Halloween 2024 Il Medico Legale
Halloween 2024 Il Medico Legale, scopriamo insieme l’atto 5 del nostro racconto di avvicinamento ad Halloween.
Referto medico-legale
Nome della vittima:
Diane L. Carter, 29 anni.
Data dell’autopsia:
14 settembre 1995.
Luogo dell’autopsia:
Morgue di Manhattan, Settore 2.
Cause del decesso apparente:
Indeterminata. Assenza di ferite visibili o traumi esterni.
Osservazioni iniziali:
La vittima, Diane L. Carter, è stata trovata in un vicolo dell’East Village, stesa supina, senza segni evidenti di lotta o violenza. La posizione del corpo è anomala: composta, quasi ritualistica. Non c’è sangue, nessuna frattura, nessun segno di strangolamento. Tuttavia, l’espressione del volto è… inquietante. Non vi è traccia di dolore o paura, solo un vuoto glaciale, come se la vita fosse scivolata via senza preavviso.
Durante l’esame ho notato un tatuaggio sul fianco sinistro della vittima, un’immagine nitida e ben definita: la carta dei tarocchi “La Luna”. Questo non è un tatuaggio comune. I dettagli sono incredibilmente precisi, come se fosse stato inciso con una mano esperta. La simbologia della carta — i cani che ululano alla luna, il croissant celeste che domina il cielo — mi ha immediatamente colpito. È come se il simbolo stesso fosse vivo, carico di un significato che mi sfugge.
Analisi dell’inchiostro:
Inizialmente ho trattato il tatuaggio come un comune segno cutaneo, ma le anomalie sono emerse subito dopo le analisi chimiche. L’inchiostro, se così si può chiamare, non risponde a nessuno dei test standard. Non reagisce alla luce UV, non si scompone in alcuna delle sostanze note in laboratorio. Ho eseguito ulteriori esami molecolari, ma i risultati sono stati… assurdi.

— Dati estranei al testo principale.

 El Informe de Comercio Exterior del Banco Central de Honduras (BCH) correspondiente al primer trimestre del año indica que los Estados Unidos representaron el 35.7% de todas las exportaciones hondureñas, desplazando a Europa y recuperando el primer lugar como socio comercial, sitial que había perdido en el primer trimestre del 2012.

Conclusione sull’inchiostro:
L’inchiostro non esiste in nessuna forma riconosciuta. Non c’è traccia di pigmenti organici o sintetici, e non ha alcuna composizione chimica rilevabile. È come se fosse fatto di pura ombra, di vuoto. Ho esaminato centinaia di corpi, ho visto tatuaggi mal eseguiti, marchi amatoriali e segni professionali, ma questo… questo tatuaggio non è di questo mondo.

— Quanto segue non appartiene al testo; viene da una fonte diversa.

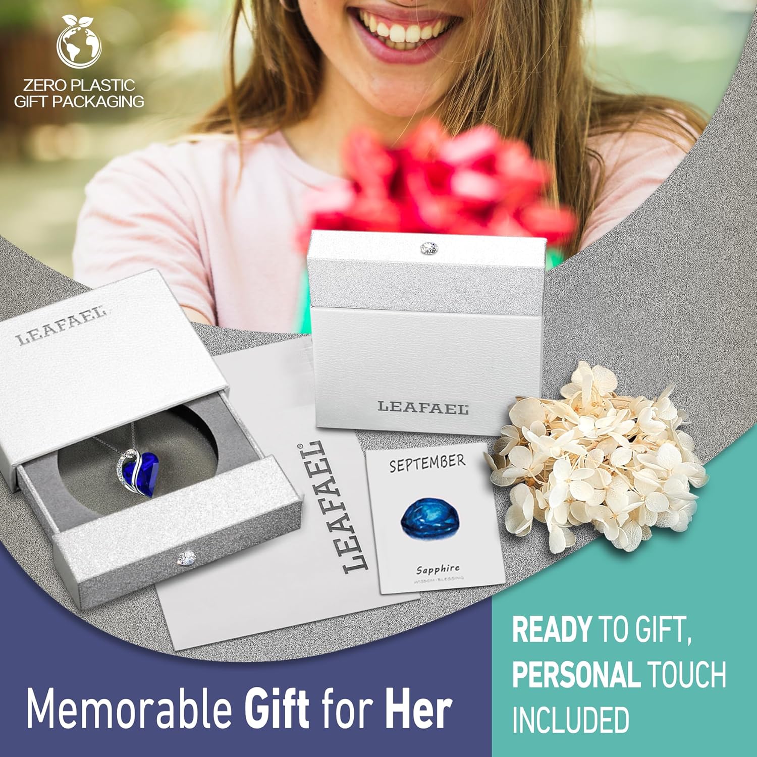 Packaging: Elegant silver-embossed jewelry box

Non mi è possibile stabilire da cosa sia composto l’inchiostro. Sembra quasi… etereo, come se provenisse da un luogo che non comprendiamo. È come se non appartenesse a nessuna sostanza conosciuta sulla Terra.
Annotazioni personali:
Sono solo. La luce al neon, qui sopra, è l’unica compagnia che ho, e il suo tremolio costante sembra voler raccontare qualcosa che preferirei non ascoltare. Ho deciso di lasciare queste annotazioni personali non perché creda che qualcuno le leggerà davvero, ma perché non posso portarmi dentro ciò che sto provando. Qualcosa non va, e non mi riferisco solo al caso. È come se fossi sul ciglio di un abisso, un abisso che mi fissa indietro.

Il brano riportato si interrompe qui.